# Work task
Without any of the pictures, transcribe all the lines below exactly.

# Data for review
☆ ☆ ☆ ☆ ☆ ☆ ☆
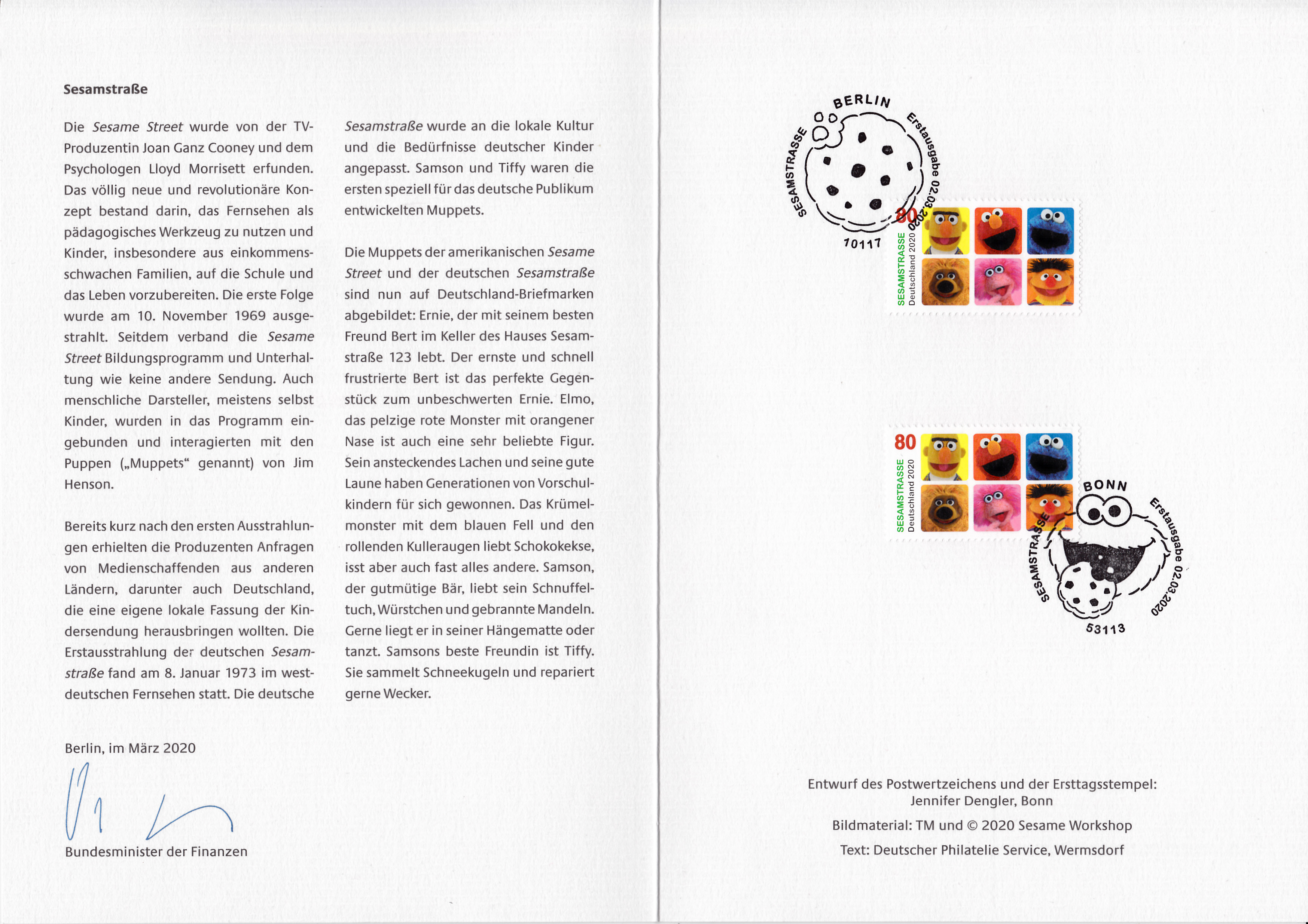 Jetzt kommen die Ministerkarten aus dem April 2020. Ministerkarte des Finanzministers mit zwei Marken der Dauerserie "Blumen" zu 50 Cent mit dem Motiv "Zinnie (Zinnia elegans)" (MiNr 3535) und den beiden Ersttagsonderstempel Bonn und Berlin.
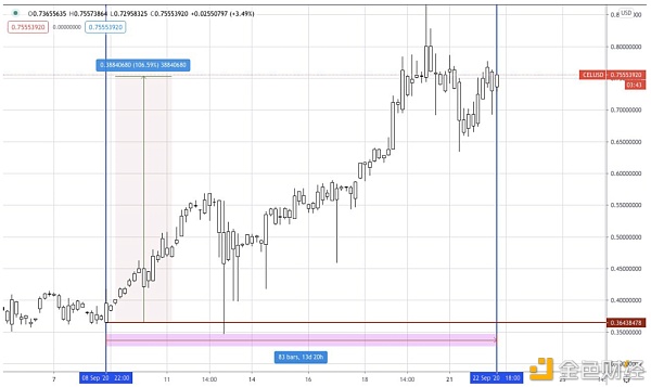 通过BTC对CEL显示的涨幅百分比,我们可以看到CEL最近确实取得了强劲的进步。自9月初以来,CEL已经起飞,从0.34美元涨至0.74美元,涨幅超过100%。
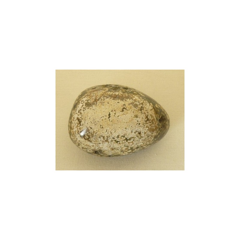 Este jaspe en particular, por sus dibujos, ofrece el simbolismo del movimiento. Por sus colores, está relacionado con los chakras 3 y 4 principalmente (plexo solar y corazón).
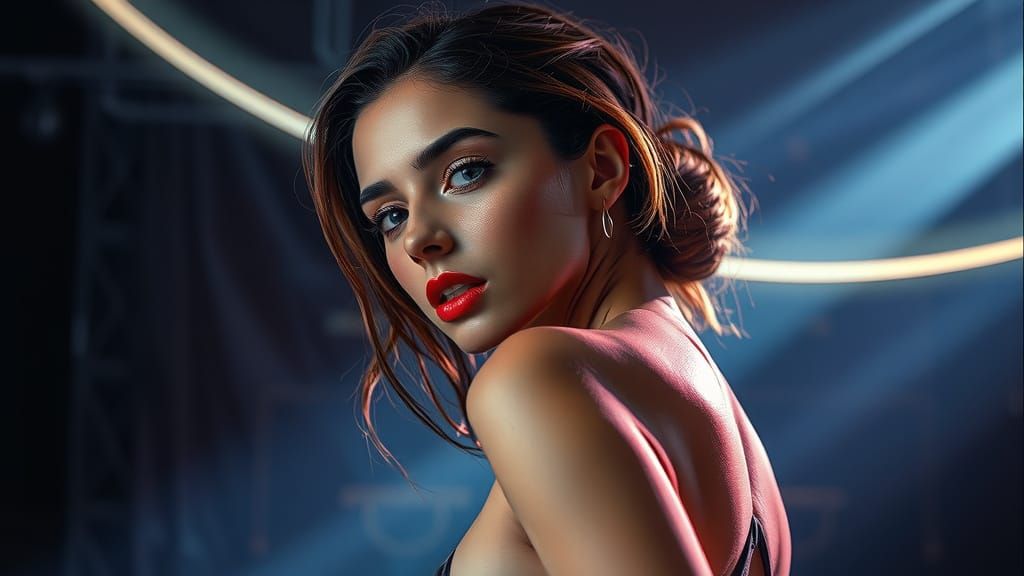 This image shows a woman with skin that appears to be polished marble, posed to highlight her body's contours. Dramatic lighting swirls around her in a cinematic style.
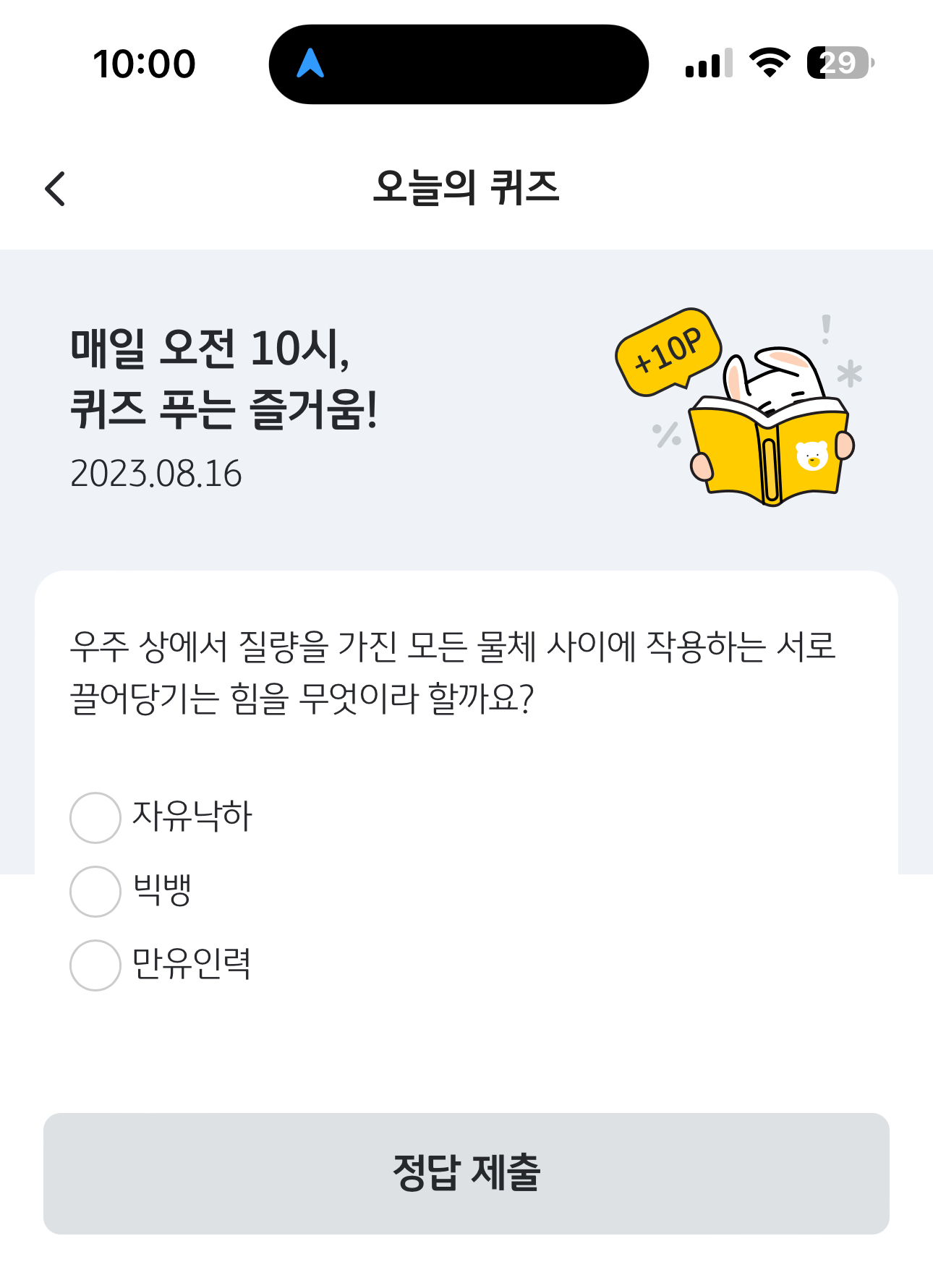 KB Pay 오늘의 퀴즈 정답은 만유인력입니다
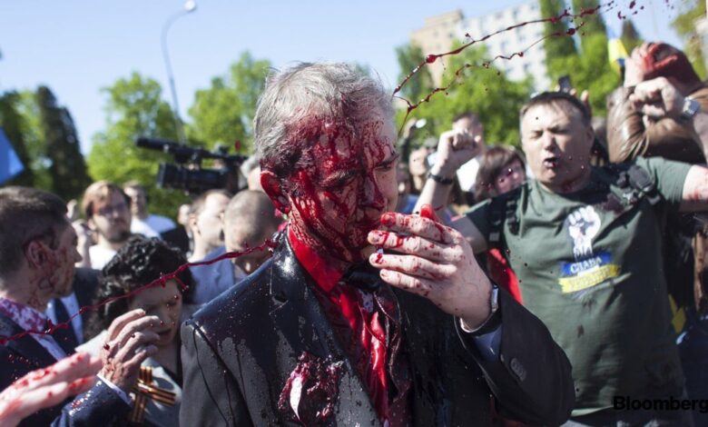 تعرض سفير روسيا في وارسو الاثنين للرش بمادة حمراء من قبل نشطاء مؤيدين لأوكرانيا عندما حاول وضع إكليل من الزهر احتفالاً بيوم النصر في 9 أيار/مايو لإحياء ذكرى هزيمة ألمانيا النازية في الحرب العالمية الثانية.
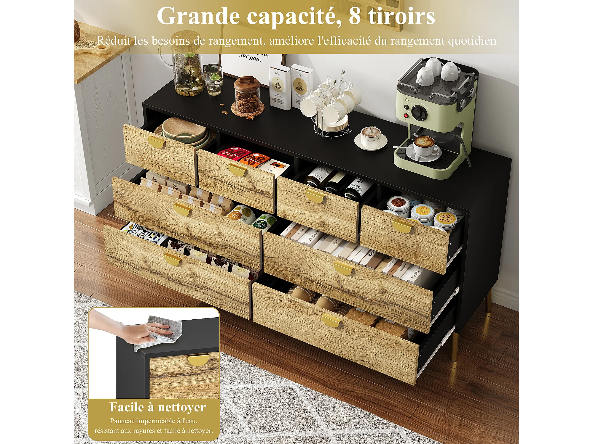 URBAN MEUBLE Buffet effet bois et noir avec 8 tiroirs poignée et pieds dorés 150*40*78cm
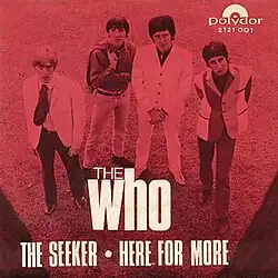 Released in the UK as Track 604036 on 21 March 1970, "The Seeker" reached number 19 in the charts. Released in the US as Decca 7-32670, it hit the Billboard charts on 11 April 1970, eventually peaking at number 44.[6] The B-side, "Here for More", is one of the few Who songs written by lead singer Roger Daltrey.[6]
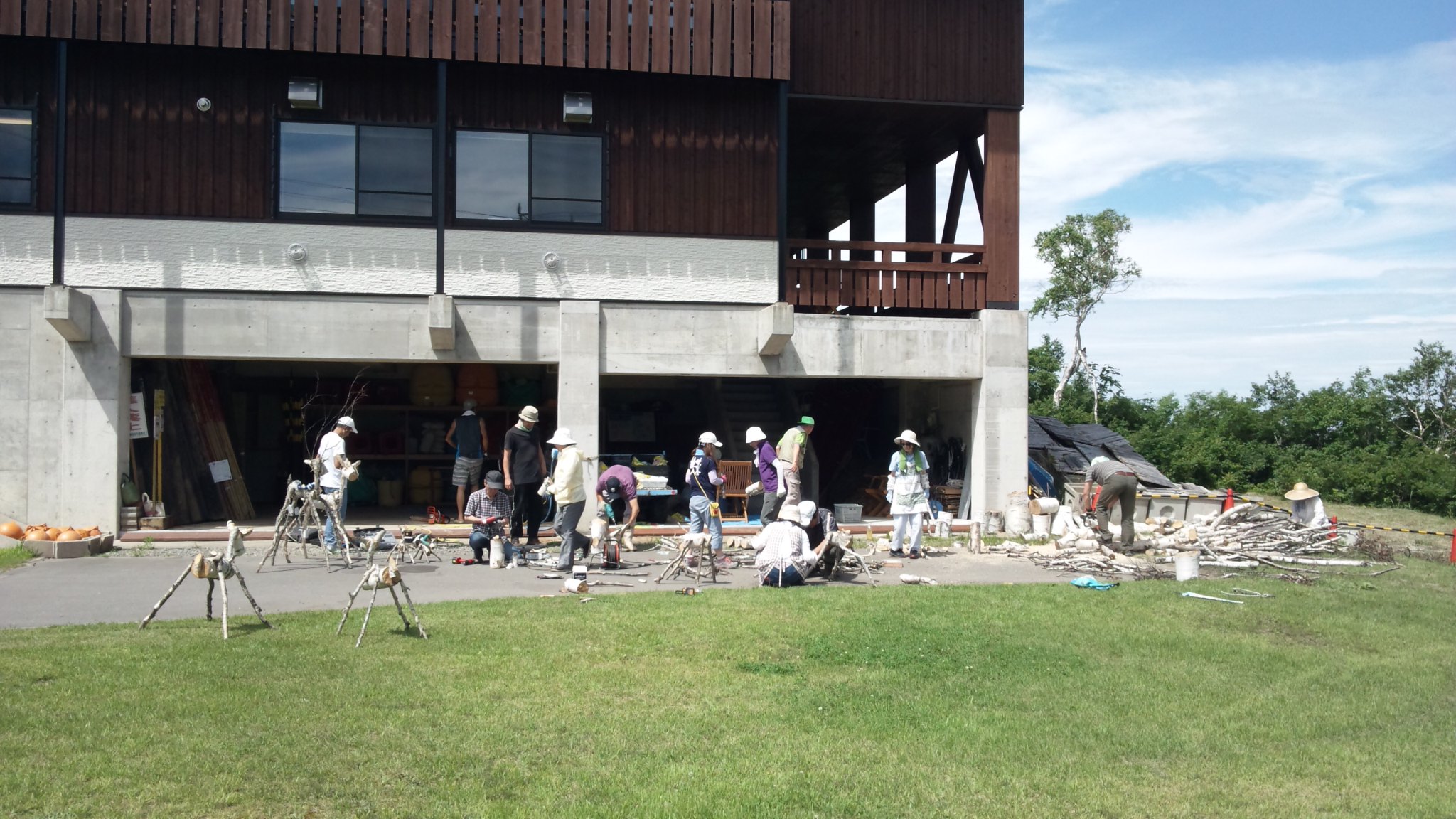 高原内いろんな所でお客様をお迎えしてくれる、白樺のシカを作っています。
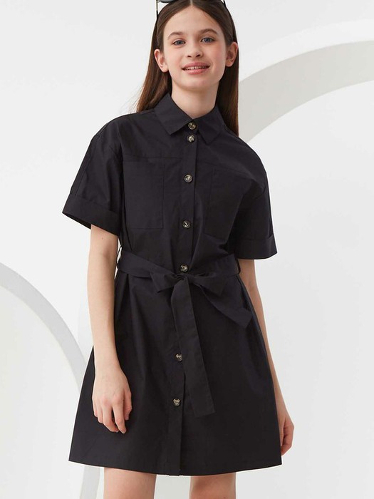 Платье-рубашка в стиле сафари из 100% хлопка. Модель свободного силуэта длиной выше колена. Короткий широкий рукав, два накладных кармана на передней части и удобные боковые карманы в швах – продуманные детали делают платье стильным и комфортным. В комплекте с платьем – пояс, позволяющий создать акцент на талии. Модель застегивается на роговые пуговицы по всей длине. Размерный ряд 128 – 176 см.
☆ ☆ ☆ ☆ ☆ ☆ ☆
# Solved problem
 Jetzt kommen die Ministerkarten aus dem April 2020. Ministerkarte des Finanzministers mit zwei Marken der Dauerserie "Blumen" zu 50 Cent mit dem Motiv "Zinnie (Zinnia elegans)" (MiNr 3535) und den beiden Ersttagsonderstempel Bonn und Berlin.
 通过BTC对CEL显示的涨幅百分比,我们可以看到CEL最近确实取得了强劲的进步。自9月初以来,CEL已经起飞,从0.34美元涨至0.74美元,涨幅超过100%。
 Este jaspe en particular, por sus dibujos, ofrece el simbolismo del movimiento. Por sus colores, está relacionado con los chakras 3 y 4 principalmente (plexo solar y corazón).
 This image shows a woman with skin that appears to be polished marble, posed to highlight her body's contours. Dramatic lighting swirls around her in a cinematic style.
 KB Pay 오늘의 퀴즈 정답은 만유인력입니다
 تعرض سفير روسيا في وارسو الاثنين للرش بمادة حمراء من قبل نشطاء مؤيدين لأوكرانيا عندما حاول وضع إكليل من الزهر احتفالاً بيوم النصر في 9 أيار/مايو لإحياء ذكرى هزيمة ألمانيا النازية في الحرب العالمية الثانية.
 URBAN MEUBLE Buffet effet bois et noir avec 8 tiroirs poignée et pieds dorés 150*40*78cm
 Released in the UK as Track 604036 on 21 March 1970, "The Seeker" reached number 19 in the charts. Released in the US as Decca 7-32670, it hit the Billboard charts on 11 April 1970, eventually peaking at number 44.[6] The B-side, "Here for More", is one of the few Who songs written by lead singer Roger Daltrey.[6]
 高原内いろんな所でお客様をお迎えしてくれる、白樺のシカを作っています。
 Платье-рубашка в стиле сафари из 100% хлопка. Модель свободного силуэта длиной выше колена. Короткий широкий рукав, два накладных кармана на передней части и удобные боковые карманы в швах – продуманные детали делают платье стильным и комфортным. В комплекте с платьем – пояс, позволяющий создать акцент на талии. Модель застегивается на роговые пуговицы по всей длине. Размерный ряд 128 – 176 см.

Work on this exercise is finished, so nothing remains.